Mr CONROY - In some cases it does. It must be a revelation to many honorable members to hear the Minister for Trade and Customs, as well as certain honorable members representing Victoria, declare first of all that' high duties are imposed in order to lower prices; and, secondly, that wages depend upon the prices of articles. What they really say in effect is that they favour the imposition of these duties in order to lower wages, for many of them have really the same effect as the lowering of wages would have So far as the bulk of the population is concerned. Whenever a proposal is made against increasing the taxation imposed upon the great bulk, of the people it. is a general subject for laughter on the part of honorable members opposite. They have not been accustomed to see any one stand up to defend the mass of the people from the rapacity of the few. If we agree to this request, we shall in effect assist the workers. Is not 3s. in the £1 a sufficiently heavy tax for honorable members opposite to support ? Of course it is not. The Minister for Trade and Customs says that the .Government desire a duty of 35 per cent., which is equal to 7s. in the £1. It is only the workers who use these things ; and what does it matter to honorable members opposite that the workers should be called upon to contribute the extra amount? The Minister for Trade and Customs is very ready to take 7s. in the £1 from the workers in order that the Government may be able to give 10s. in the £1 to syndicators under the Bonus Bill. I think I have sufficiently fulfilled my duty to my constituents, and the bulk of the poor people of the Commonwealth, by fighting on their behalf, and expressing my disapprobation of these outrageous duties.

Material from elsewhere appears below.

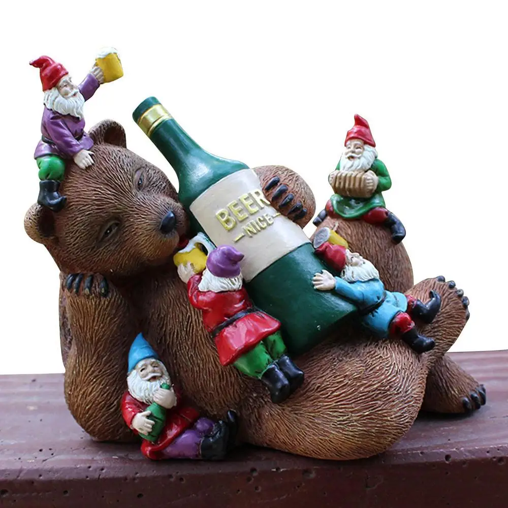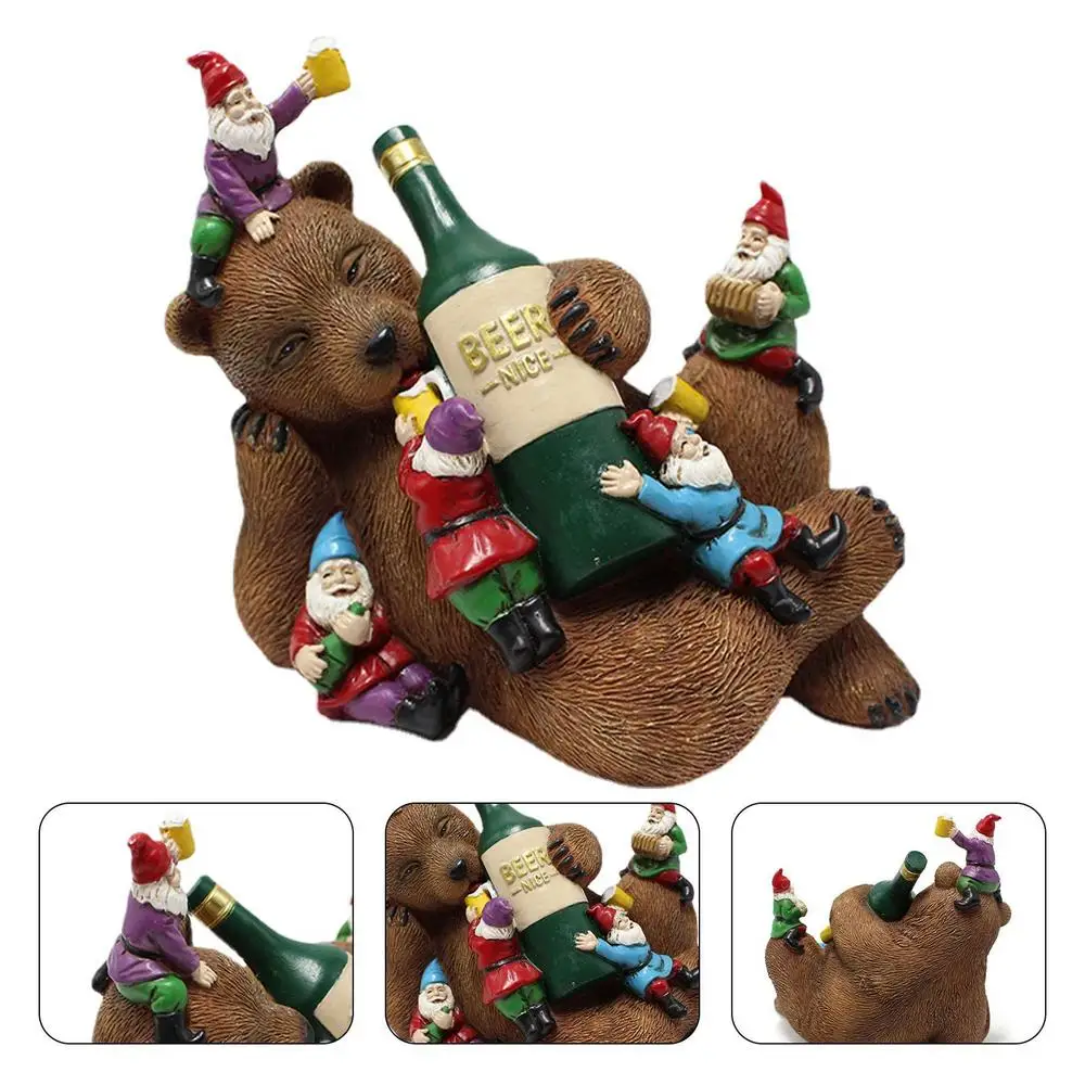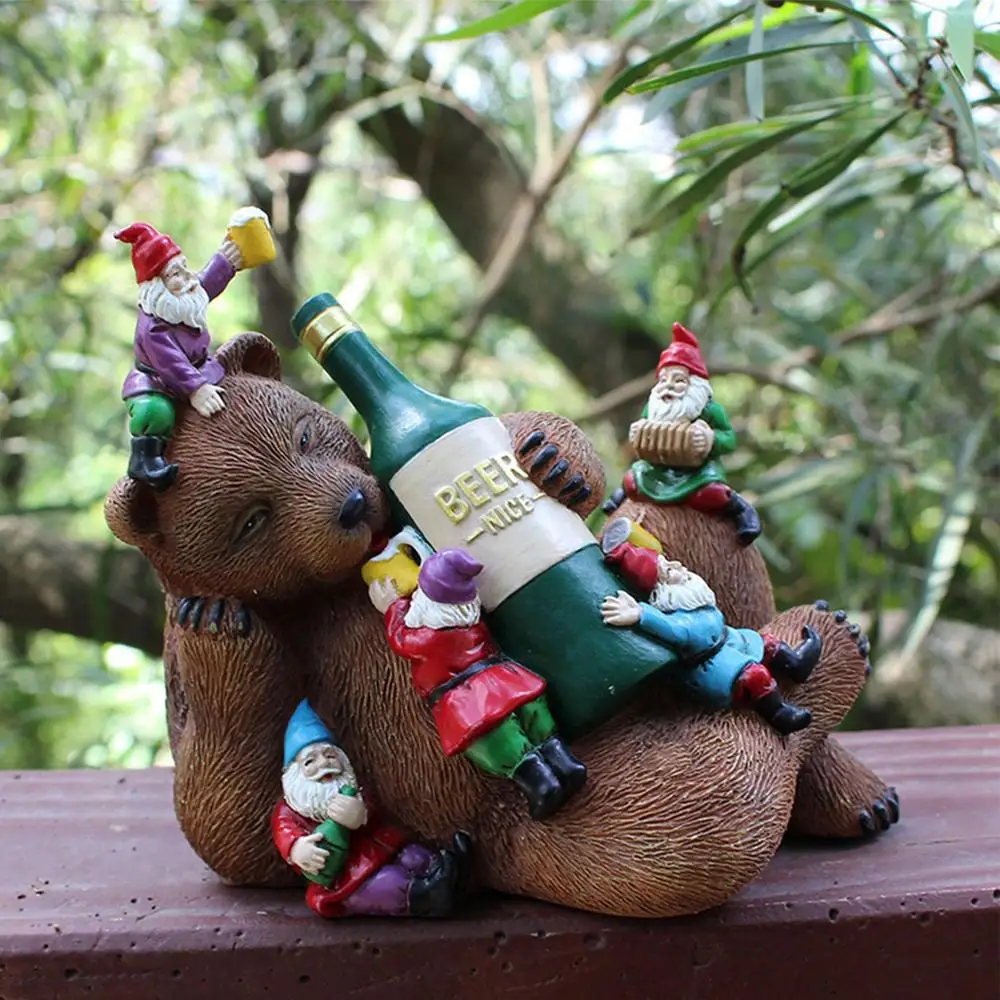 1.[ Cute and Realistic ] It's designed as five drunk gnomes sitting next to a drunk bear, and the Garden Gnome Statue looks so hilarious with its funny poses, bringing joy to your garden.

Mr. SKENE(Grampians). - It seems to me that the honorable member for - South Sydney has made out a fairly strong case for some distinction being drawn between the various articles included in this item, and I should like to hear something on the point from the Ministerial side. Ministers seem to think that there is no reason why a distinction should be made. We know, however, that there is a heavy duty on sugar, and surely that should afford some ground for considering whether a distinction should not be drawn in regard to articles which are preserved in syrup ? If, as the honorable member has said, there are certain vegetables which are simply hermetically sealed in water, they must occupy a position very different from that of fruits preserved in syrup.

Mr McCay - Does not that simply amount to a statement that every one is agreed that the duty should be retained on half of these articles, and that there is a difference of opinion as to what should be the duty on the remaining half ?

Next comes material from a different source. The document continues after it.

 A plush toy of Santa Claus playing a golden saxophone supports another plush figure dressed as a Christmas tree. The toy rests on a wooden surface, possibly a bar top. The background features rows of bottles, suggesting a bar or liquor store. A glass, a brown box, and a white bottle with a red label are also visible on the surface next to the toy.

Mr SKENE - Even from that point of view I have not heard anything from the Government side as to the arguments advanced by the honorable member for South Sydney. By way of drawing the Minister in charge of the 'Bill, and diverting the discussion to a point which I think ought to be cleared up, I shall move an amendment upon the lines laid down by the honorable member. I have no information on the subject, save what I have gained during the debate, and as I think the honorable member for South Sydney has made out a fairly good case, I should like to hear something as opposed to it.

Sir John Quick - But the Senate has not made any distinction.

Sir George Turner - The Tariff was debated for weeks in this Chamber, but no one asked that a distinction should be made in this case.

Mr SKENE - I should like to hear the matter discussed. I move -

That the amendment requested be made, but with the modification that fruits in syrup be inserted as a separate item with the following rates of duty : - Half-pints and smaller sizes, ad valorem, 9d. per dozen ; pints and over halfpints, ad valorem, ls. (id. per dozen ; quarts and over pints, ad valorem, 3s. per dozen ; exceeding a quart, ad valorem, ls. per gallon.

Sir GEORGE TURNER - The amendment is rather inconsistent with my motion that the requested amendment be not made. The only way to get a fair vote will be for the honorable member to enumerate the articles which he wishes to except from the 15 per cent. duty.

Mr Skene - I do not care how the amendment is worded. My idea is to separate fruits preserved in liquid from fruits preserved with sugar.